But just because you did not have a good experience does not mean that all Spanish lawyers are bad and that everyone else should avoid them. I still think that spending a small amount on paying for a legal letter (maybe for 50 -100€) may pay for itself in the long term. He may not be rich, but surely that's more motive to fight against losing thousands of Euros worth of stuff 

I hope he resolves the claim.


----------



## Pesky Wesky (May 10, 2009)

But how will he prove that the guitar was on the coach?


----------



## nigele2 (Dec 25, 2009)

Pesky Wesky said:


> But how will he prove that the guitar was on the coach?


At the end of the day he can't. Even security camera film would only show a guitar case being loaded, and presumably removed. And after the delay by Alsa it seems the film is not available.

The best hope is members of a guitar forum scanning the secondhand market. It is unlikely that the thief would know what to do with it beyond sell it. There has been success through this route before (as many top end guitars are numbered). 

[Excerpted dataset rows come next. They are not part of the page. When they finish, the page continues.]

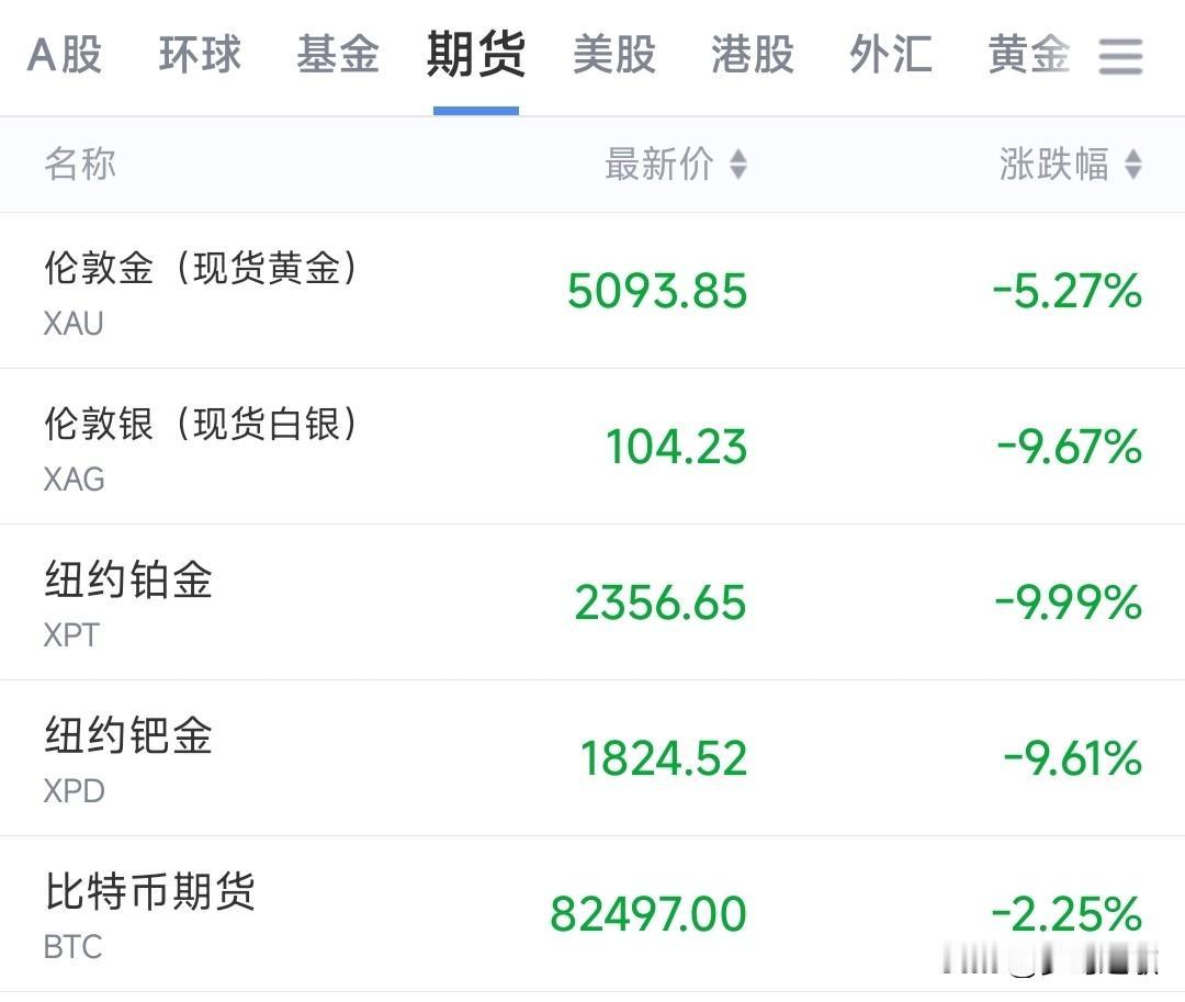 A股为什么大跌,原因在于期货这里 今天A股八上周一周的涨幅几乎都跌没了,尤其是前期涨得好的有色金属,航天军工,光伏等板块,几乎是暴跌,直接把所有板块都给拉了下来。 今天大盘下跌的原因主要就是国际贵金属闪崩造成了恐慌,目前现货黄金已经跌了超过5%,现货白银更是跌了将近10%,贵金属几乎都在暴跌。 这种暴跌就会造成买贵金属的散户形成恐慌情绪,容易引起恐慌性抛售,把所有筹码低价卖出。 目前美股盘前也在暴跌,预计美股今天也好不了,全球的资本市场都会因为期货贵金属的暴跌出现较大幅度的震荡。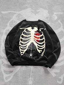 Goth Men's Fleece Skeleton Heart Spider Web Print Crew Neck Pullover Sweatshirt, For Halloween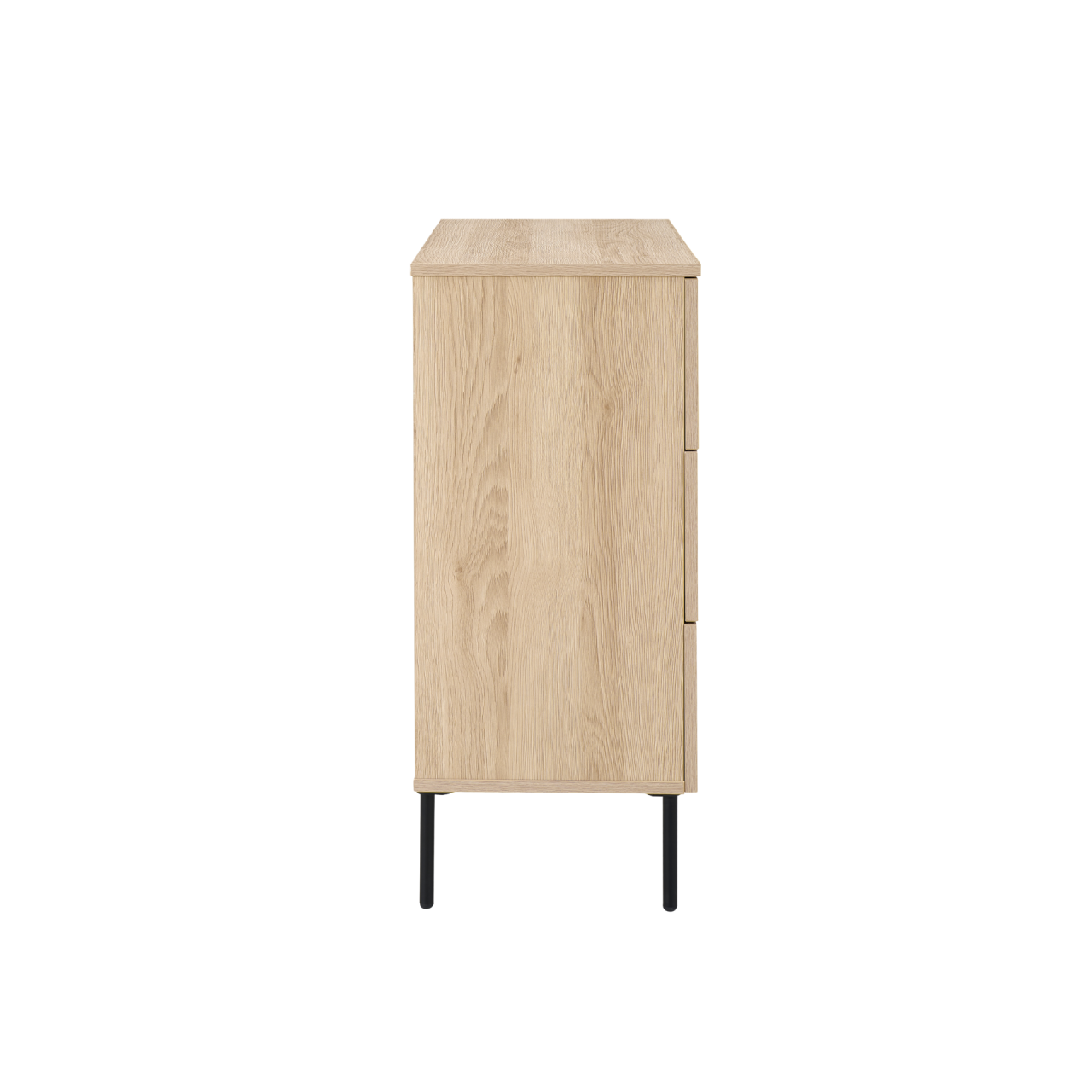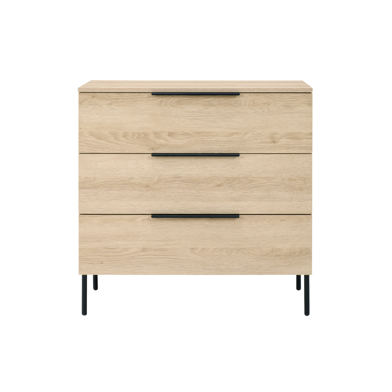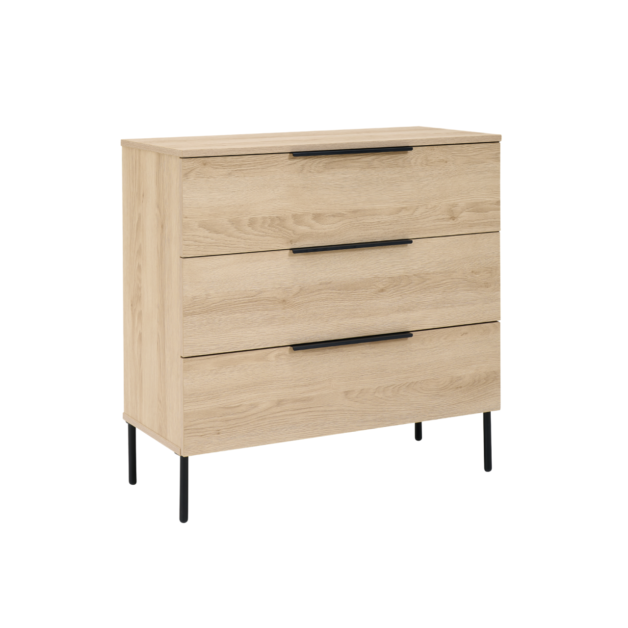 The Luna 3 Drawer Chest features a woodgrain‑effect finish, wide metal lip‑pull handles and ball‑bearing runners for smooth operation. Supported by black steel legs, it’s durable, modern and easy to maintain.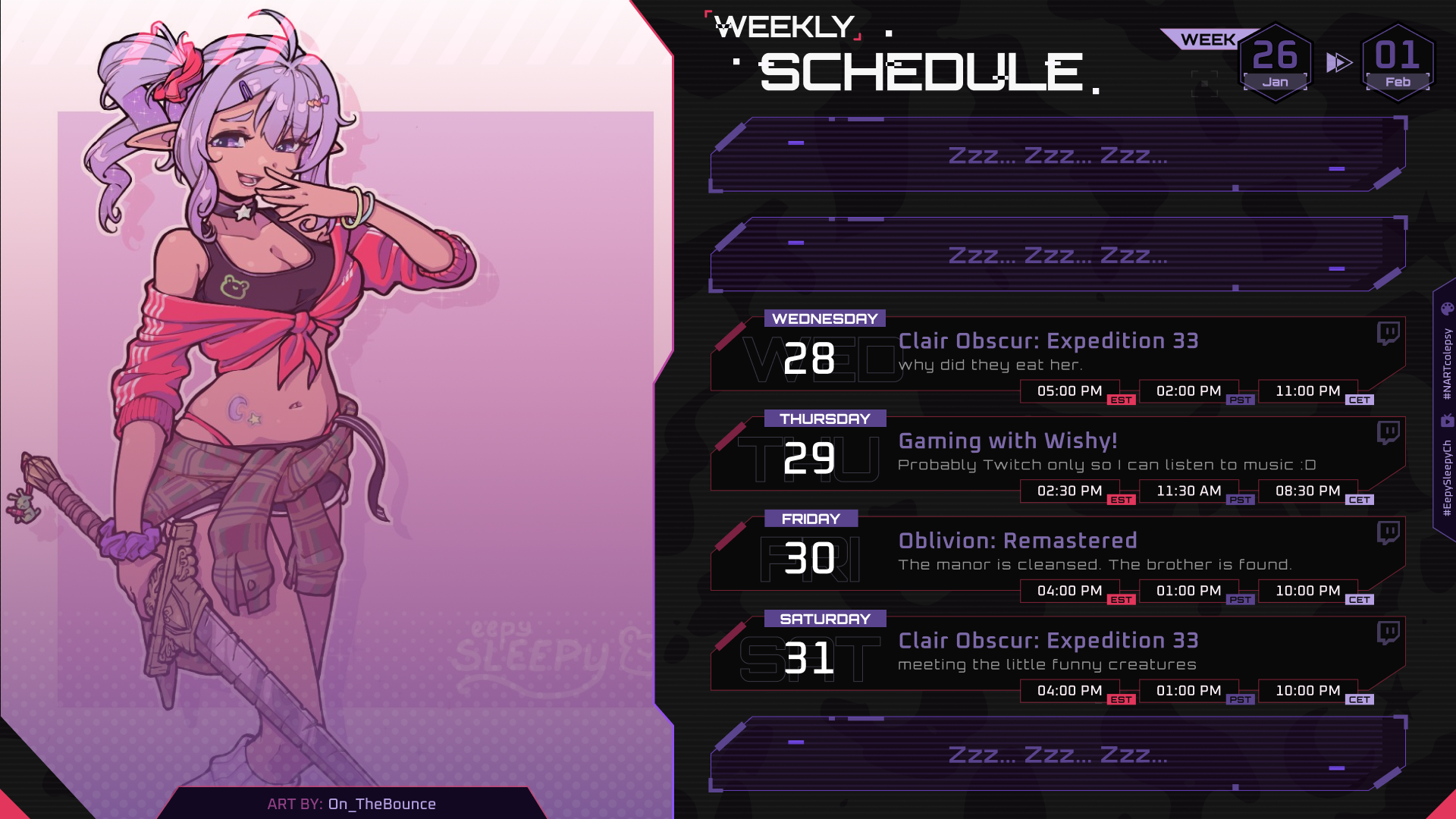 Eepy nowhttps://www.youtube.com/watch?v=mrcf4Y66VG8https://www.twitch.tv/eepysleepy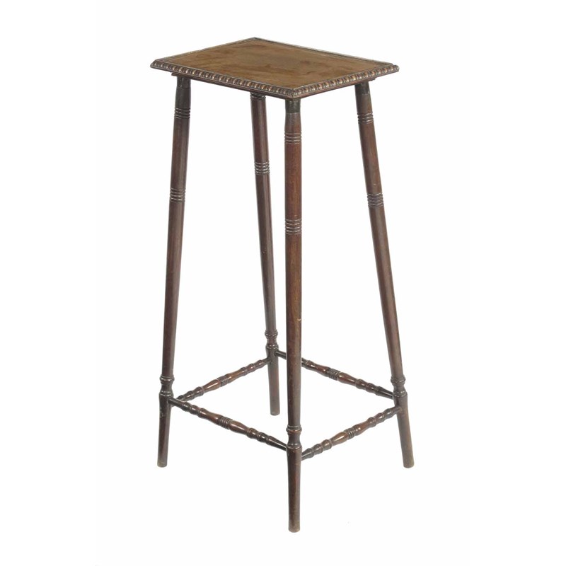 A 19th century mahogany lamp table, the rectangular reeded edge top with a reel moulded border on turned supports, 28.75in (73cm) h, 13.25in (33.5cm) w, 10in (25.5cm) d.
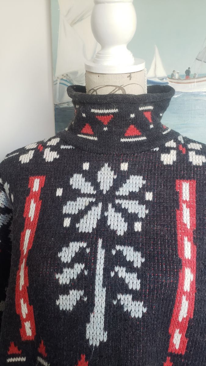 Pull vintage oversize chaud gris anthracite avec motifs jacquart bleu clair et rouge. Col roulé avec bordure roulottée. Pull pouvant être utilisé au ski pour faire du snow. Très facile d 'entretien, ne contient pas de laine. Ce pull est unisexe. Taille S homme de chez boga boo's mais peut aller jusqu'à taille L femme. Largeur d'épaules 60cm, taille 56cm et longueur du pull 65cm. Pull porté mais en très bon état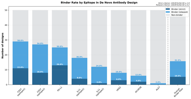 드노보 설계 항체가 모든 타깃에서 결합력을 보이는 모습. 평균 31.5% 성공률 기록(자료=갤럭스)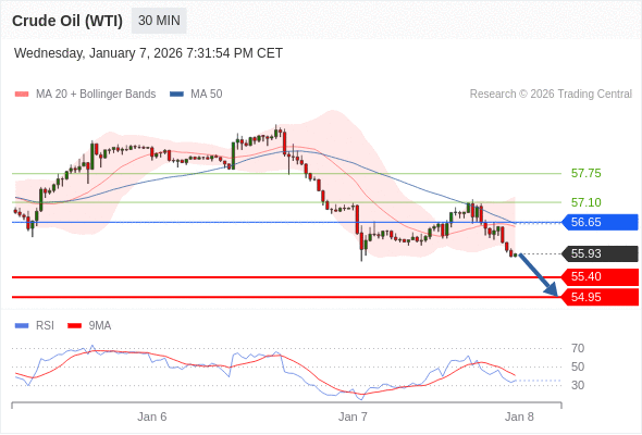 在 56.65 之下,看跌,目标价位为 55.40 ,然后为 54.95 。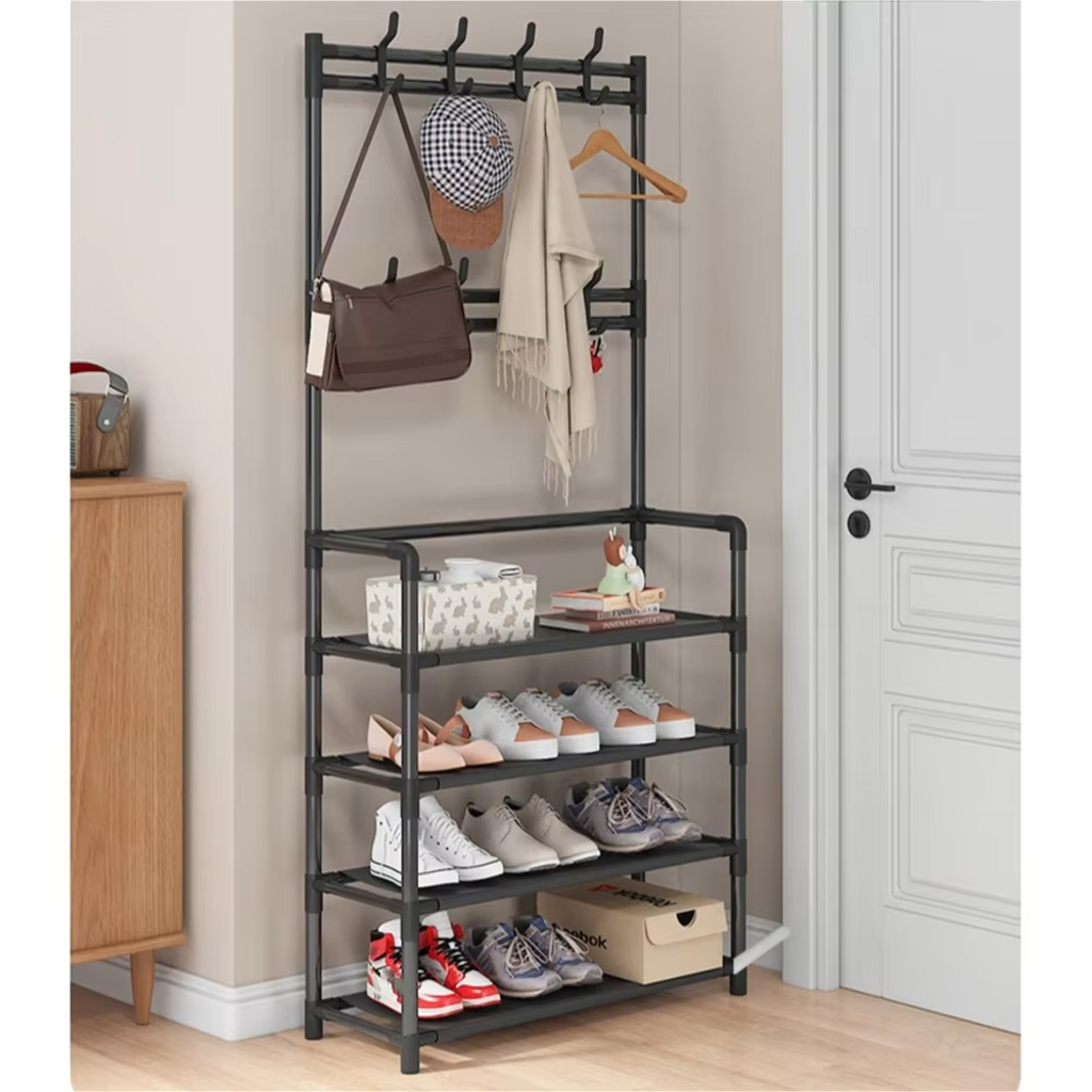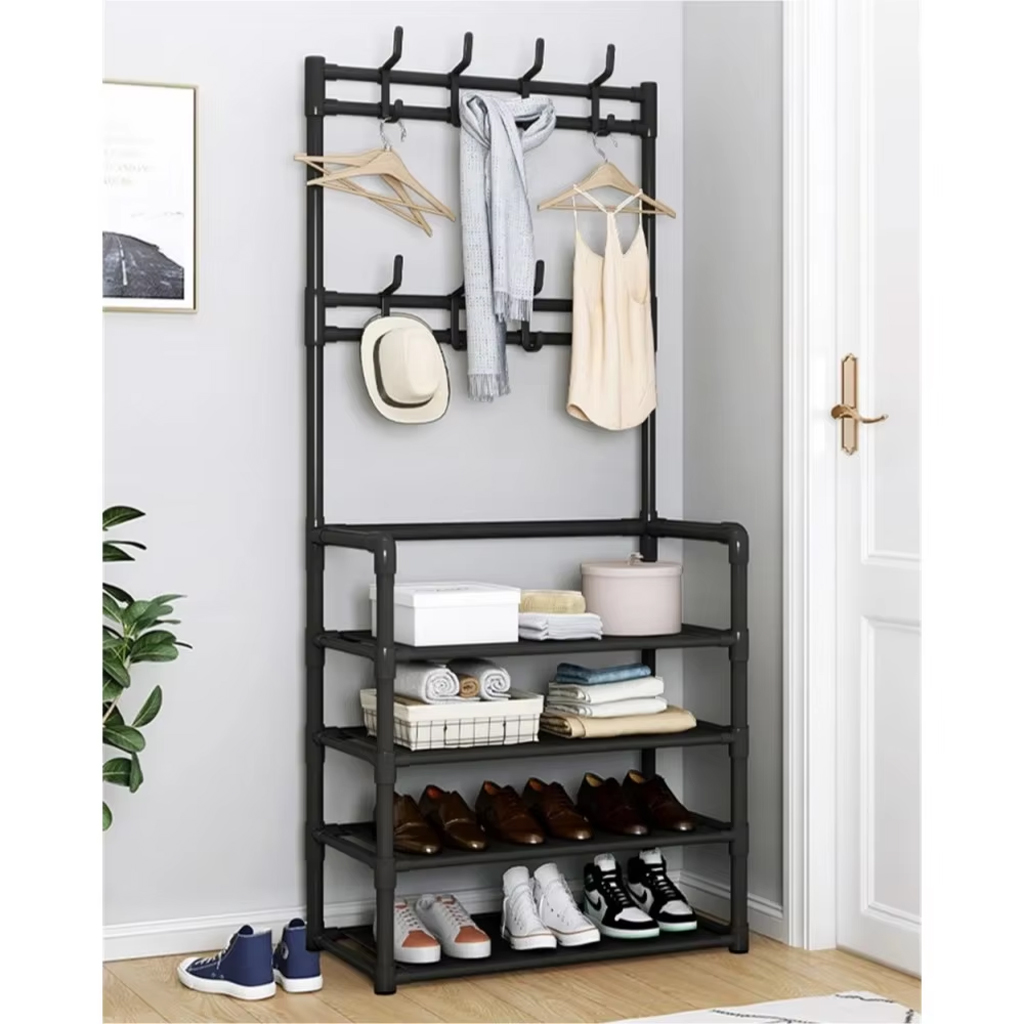 Étagère De Chaussures et Porte-manteau 4 Étages crochets – رف أحذية ومعاطف مع خطافات من 4 طبقات

At the moment he has replied asking on what basis the evaluation was made and how it is unacceptable. We wait and see. But a lesson to be learned I guess.


----------



## Juan C (Sep 4, 2017)

Pesky Wesky said:


> But how will he prove that the guitar was on the coach?


That question could be asked in many instances when a crime report is made to the police. Example a guy says he was wearing a Rolex which was stolen. Probably no way to prove he is not lying. Whether his insurance company will pay out is a matter of trust. 

Probably in most instances insurance companies pay out. If they did not why would anyone pay for insurance?


----------